As I have outlined to Ms Darley during the course of discourse with her this morning, of course it is entirely appropriate that she raise with Mr H those concerns and issues. It is entirely appropriate that they be the focus of consideration. And, of course, more importantly, it is entirely appropriate that such allegations and counter-allegations be the subject of fact finding by me at the trial.
As I have outlined, that is one of the reasons why I have accorded to this matter priority: namely, because it has been within, speaking broadly, the family law system for a considerable period of time. And equally, if not more importantly, it involves allegations of family violence and the impact upon the children of exposure to the same.
I consider it clearly established, when regard is had to page 47 of the mother’s affidavit filed yesterday (being correspondence from the Independent Children’s Lawyer to Mr H dated 10 September 2017) that included within the documents provided to Mr H at that time was an affidavit by Dr J, filed 14 November 2013.
Reference to that affidavit contains Dr J’s outlining or summary of the information provided to him by each of the parents during their respective interviews. Reference to it will clearly establish that Ms Darley raised with Dr J the allegations of family violence, as well as other issues that remain, it seems, live issues for determination at trial. It is therefore, in my view, established that because Mr H has been provided with Dr J’s affidavit, he will be able, from reference to it, to be fully aware about the issues raised by each of the parties.
It is also, of course, relevant to note that at the time the information and documents were provided by the Independent Children’s Lawyer to Mr H, there had not been compliance with the directions made by the Registrar in July of this year in relation to the filing of affidavit material by Ms Darley. In fact, her opportunity to file affidavit material has been the subject of further order made earlier this morning.
I am not persuaded, on the material relied upon by the mother, to grant the relief sought in paragraphs 4 through 11 of the Amended Application in a Case filed yesterday.

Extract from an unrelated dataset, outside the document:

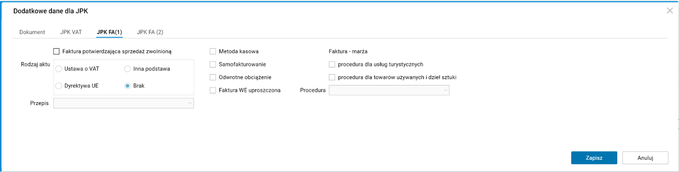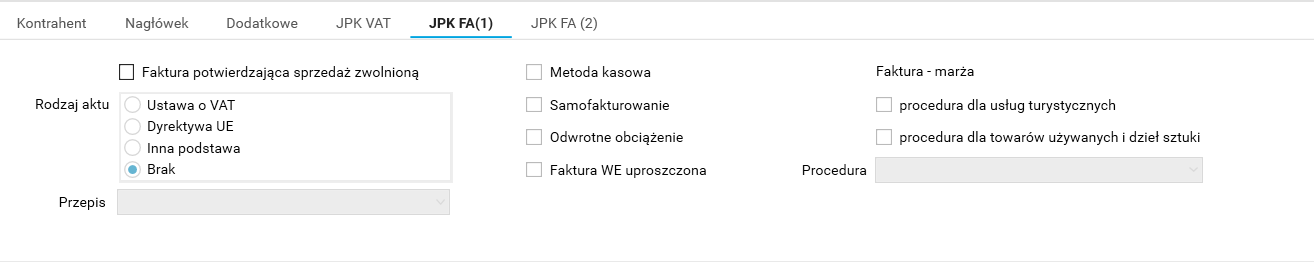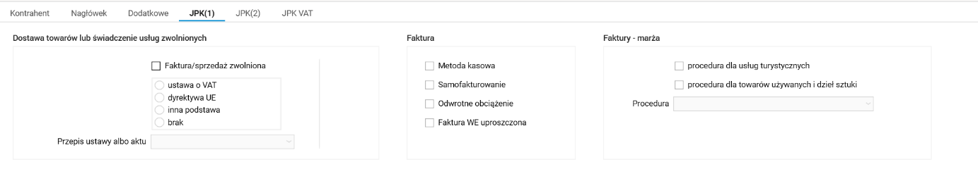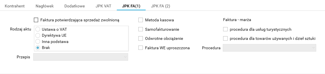 ·        JPK FA (1) – zakładka zawiera informacje wykazywane w pliku JPK FA – część 1.

I consider, as I have outlined, and for the reasons I have already expressed during discourse with Ms Darley and the Independent Children’s Lawyer (to a lesser extent) that any issues in relation to the weight to be accorded to Mr H’s report can be the subject of submission, following his cross-examination. It is, of course, entirely appropriate that a party who seeks to challenge the weight to be accorded to the contents of any report do so following cross-examination, in which they are perfectly entitled to explore issues of, or touching upon, experience and the basis for whatever opinions are expressed by the author of that report.
It is also, of course, a matter entirely for parties to seek to adduce other expert evidence touching upon issues that they say are relevant. Again, that is why Directions are routinely made by Registrars in this Court in their often vain, or often desperate attempts, perhaps, to ensure that parties prepare the material they wish to rely upon and file it in a timely manner.

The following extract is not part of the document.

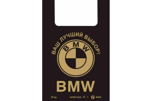 Майка пакет 42х65+20=25мк Авто-БМВ черная серебро 50шт*10уп/500 В

Insofar as the relief contained in paragraph 12 is concerned – namely, that the Family Report writer produce notes made during the assessment to the parties – I consider it appropriate that Mr H provide to the parties a copy of the notes he has taken in preparing his report, and that he do so at some time prior to his cross-examination.

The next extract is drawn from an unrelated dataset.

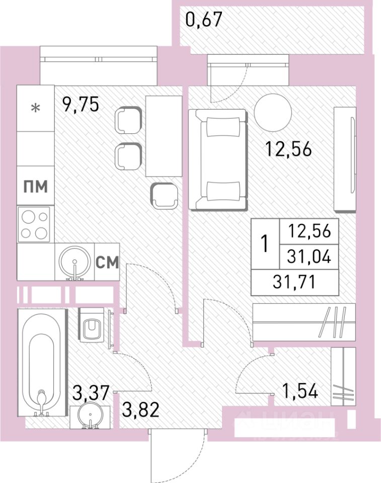 Общая площадь31,1 м2

It seems to me appropriate that, if possible, he provide to the Court a copy of his notes by 10.00 am on the first day of the trial. If that is not possible, then it is certainly a matter to which I will return on the first day of the trial so that an order can be made for the provision of those documents as soon thereafter as possible. In that way, then, parties will have an opportunity to peruse whatever notes Mr H takes, and then produces, prior to his cross-examination.
Application for discharge of the Independent Children’s Lawyer
I turn now to deal with the remaining aspect of the mother’s Amended Application in a Case: namely, an order for the discharge of the Independent Children’s Lawyer.
I intend to dismiss that aspect of her Application also.
I do so taking into account the submissions made by Mr Kingston. In particular, I note that the issues relating to the Independent Children’s Lawyer’s choice of Mr H that are said to provide a basis for, or a basis upon which I would be minded to make an order discharging the Independent Children’s Lawyer seem first to have arisen, in some way at least, as long ago as early June 2017. I note, of course, that the application for an order discharging the Independent Children’s Lawyer was contained in the Amended Application in a Case filed after the close of the Registry last night.
The lateness of an application would not, of course, prohibit the making of an order discharging the Independent Children’s Lawyer if that were otherwise thought appropriate on the material before the Court.
However, I am not persuaded, on the material relied upon by Ms Darley, that the evidence she seeks to rely upon reveals any fact or circumstance which would give rise to a reasonable concern that the Independent Children’s Lawyer at this stage has either failed properly to discharge his obligations, or, in particular, that his objectivity and impartiality is compromised in the manner or way suggested by Ms Darley.
There is, of course, every opportunity for the parties to present their evidence at the trial. As I have emphasised during the course of discourse today, it is entirely appropriate and open to any party engaged in litigation in this Court, in which there is an Independent Children’s Lawyer, to form their own view about the relevance of documents and to seek to tender those documents in their own case. It is not a matter for the Independent Children’s Lawyer to determine an answer to the issue of relevance.
If there are documents that the Independent Children’s Lawyer tenders that Ms Darley says should be supplemented by other documents, produced pursuant to subpoena, it is of course entirely appropriate that she seek to tender them during the course of the trial: decisions can be made at that time in relation to the receipt or otherwise of the same.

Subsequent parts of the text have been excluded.